Prompt:
Between the line containing "-amerikai konyhás tágas, napfényes" and the line containing "Pan Włodzimierz Ostoja-Lniski" lies a run of lines; give that run again exactly, with both of those lines, and nothing else from the entries below.

Data for analysis:
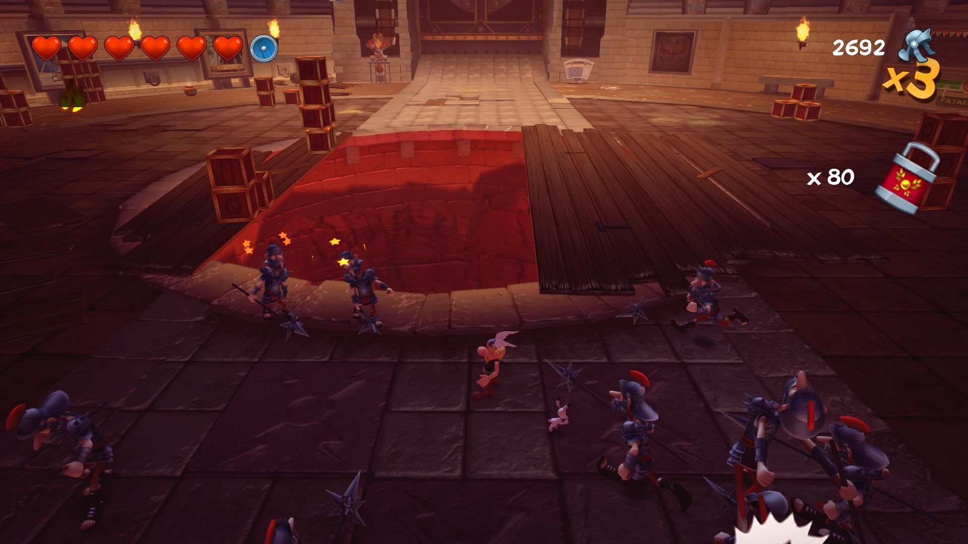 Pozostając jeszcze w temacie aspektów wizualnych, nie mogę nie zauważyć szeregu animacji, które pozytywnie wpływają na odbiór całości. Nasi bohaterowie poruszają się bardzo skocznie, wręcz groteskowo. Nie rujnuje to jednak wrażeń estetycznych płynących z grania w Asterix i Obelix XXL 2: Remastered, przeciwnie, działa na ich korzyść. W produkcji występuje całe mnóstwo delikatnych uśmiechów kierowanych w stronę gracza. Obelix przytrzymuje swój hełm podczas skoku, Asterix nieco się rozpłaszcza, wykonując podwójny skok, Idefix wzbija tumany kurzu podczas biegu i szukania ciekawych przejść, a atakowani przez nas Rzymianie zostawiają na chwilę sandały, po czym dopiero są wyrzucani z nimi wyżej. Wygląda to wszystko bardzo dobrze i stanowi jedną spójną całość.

---

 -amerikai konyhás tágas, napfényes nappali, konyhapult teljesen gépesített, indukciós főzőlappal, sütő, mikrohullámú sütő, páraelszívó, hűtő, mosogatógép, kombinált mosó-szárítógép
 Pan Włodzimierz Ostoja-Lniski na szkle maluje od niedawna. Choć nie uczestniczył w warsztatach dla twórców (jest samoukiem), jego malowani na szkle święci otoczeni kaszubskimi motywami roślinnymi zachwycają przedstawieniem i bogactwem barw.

---

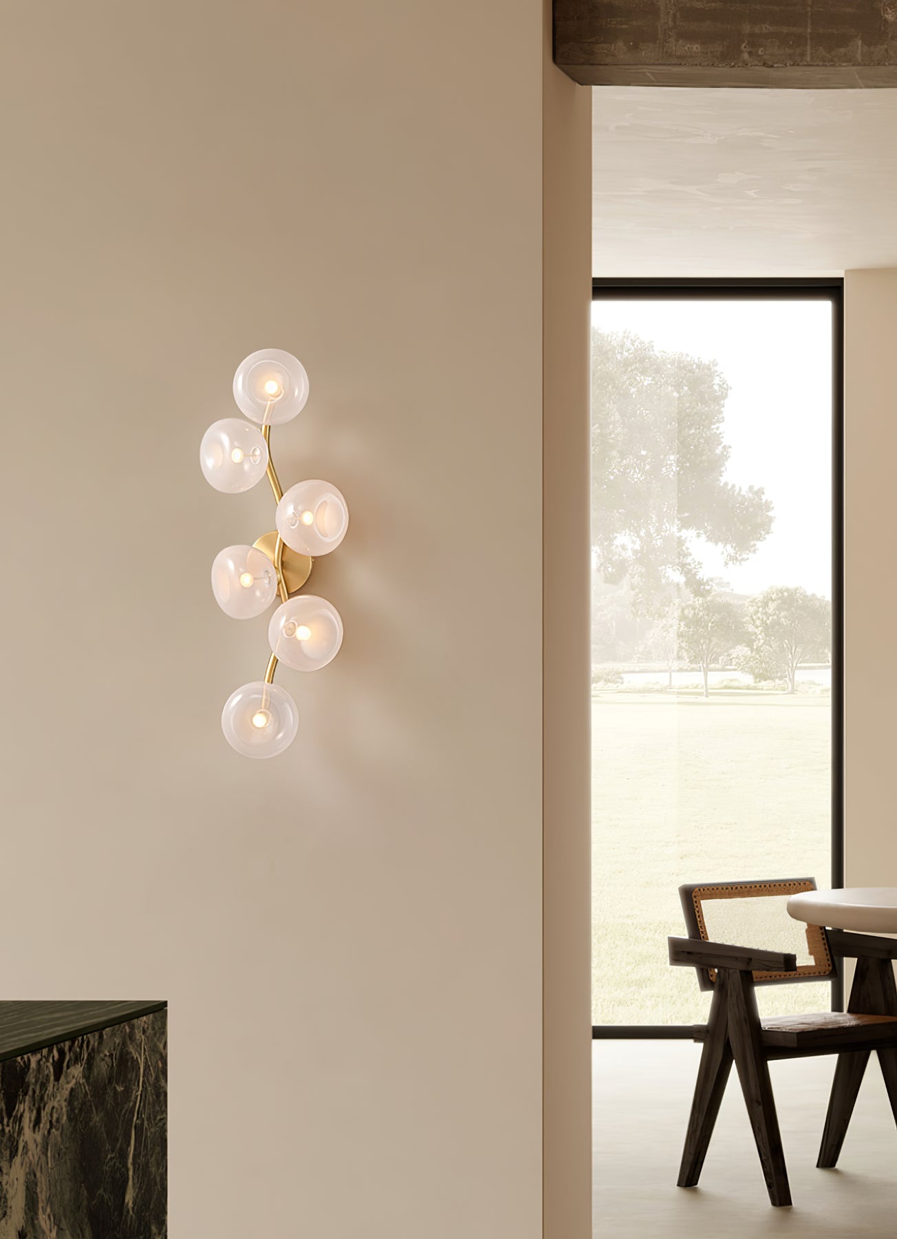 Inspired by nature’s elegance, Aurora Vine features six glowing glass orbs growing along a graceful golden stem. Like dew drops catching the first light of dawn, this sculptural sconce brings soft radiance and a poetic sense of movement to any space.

Answer:
 -amerikai konyhás tágas, napfényes nappali, konyhapult teljesen gépesített, indukciós főzőlappal, sütő, mikrohullámú sütő, páraelszívó, hűtő, mosogatógép, kombinált mosó-szárítógép
 Pan Włodzimierz Ostoja-Lniski na szkle maluje od niedawna. Choć nie uczestniczył w warsztatach dla twórców (jest samoukiem), jego malowani na szkle święci otoczeni kaszubskimi motywami roślinnymi zachwycają przedstawieniem i bogactwem barw.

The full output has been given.